I'll readily admit to being a Neil Young fan boy, and I'm crazy excited for his reunion with Crazy Horse and the band's upcoming album of "old-timey Americana standards" despite the fact that I know full well I'll probably listen to it a few times and toss it in the same pile as Fork in the Road. (Creative ass title? Americana.)
That said, I spent much of my early record collecting years shunning Crosby, Stills, and Nash records that didn't have "Young" slapped on at the end, wrongly believing that without Young's peculiar rage the rest of the dudes were just sappy, AM-radio soft rockers.
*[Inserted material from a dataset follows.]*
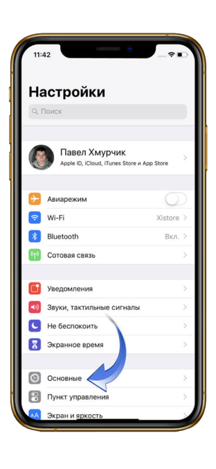 Первый шаг — открыть «Настройки», а затем выбрать пункт «Основные».

Somewhere along the line I realized I was wrong -- or that I really love sappy AM-radio soft rock. Either way, not only have Crosby, Stills, and Nash made great records together, each has at least one stone cold classic to their name respectively. The trio is bringing their "groovy western-sky music" (as described by Jimi Hendrix) and gossamer harmonies to Phoenix Symphony Hall on Tuesday, September 4, 2012, and while the show will lack Young's surprise factor, it'll feature classics like "Our House," "Suite: Judy Blue Eyes," and "Almost Cut My Hair."
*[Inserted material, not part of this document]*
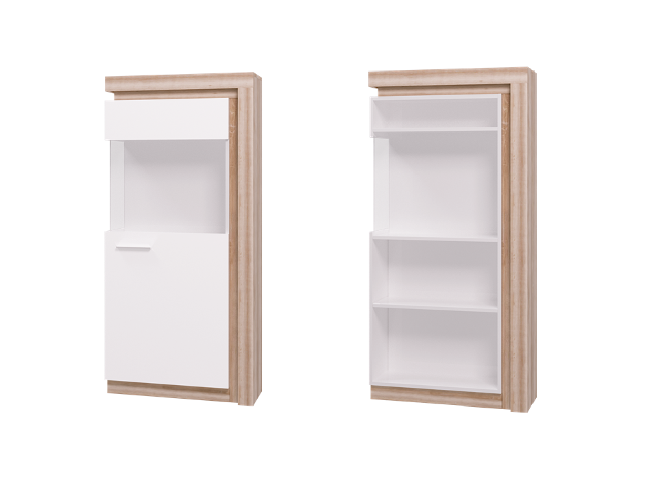 - Корпус ЛДСП 16 мм в декоре «Дуб Сакраменто» и фасад МДФ 16 мм в декоре «Белый снег глянец»

Read on for ticket info, and our picks or essential Crosby, Stills, and Nash solo LPs.
David Crosby, If I Could Only Remember My Name (Atlantic, 1971)
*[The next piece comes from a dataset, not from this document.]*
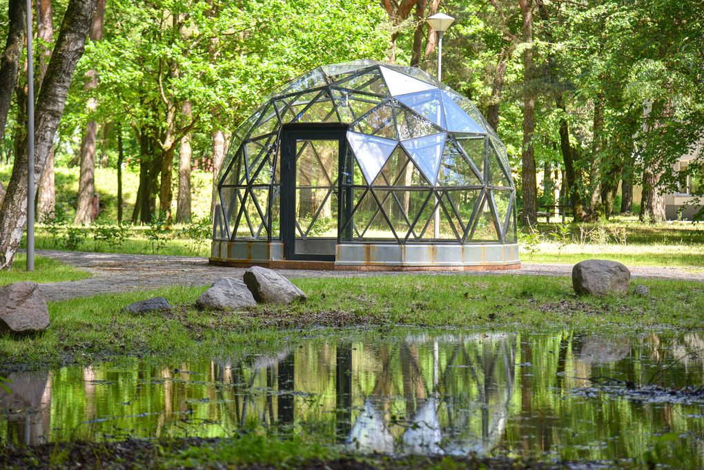 Trijų metrų aukščio, 20 kvadratinių metrų pločio, aliumininių konstrukcijų, laikančių grūdinto stiklo lakštus, kupolas vadinamas ateities statiniu.

Featuring Stills, Nash, Young, and a virtual who's who of cosmic American rock at the time (including members of The Grateful Dead, Grace Slick, Greg Rolie of Santana and later Journey), If I Could Only Remember My Name was Crosby's first and best solo album, a drug-addled masterpiece of paranoid delusion and classic folk-pop sounds. Okay Player writes of the record, "What Pet Sounds did for Brian Wilson, If I Could Only Remember My Name.... has done for Crosby" and Fleet Foxes songwriter Robin Pecknold is a vocal admirer of the album Could his solo record assemble a similar constellation of current indie-folk harmonizers?
Manassas (Atlantic, 1972)
Technically, Manassas is band Stills formed with former Byrd Chris Hillman, but it's Stills' name that appears prominently at the top of the record sleeve, and his compositions like "Jet Set (Sigh)" and "Jesus Gave His Love Away For Free" are so funky and sprawling across the 4-sides of the LP, encompassing folk, blues, bluegrass, funk, and R&B, that you can almost forgive him for writing one of the most annoying and infuriating songs of all time, "Love the One You're With."
Graham Nash, Songs for Beginners (Atlantic, 1971)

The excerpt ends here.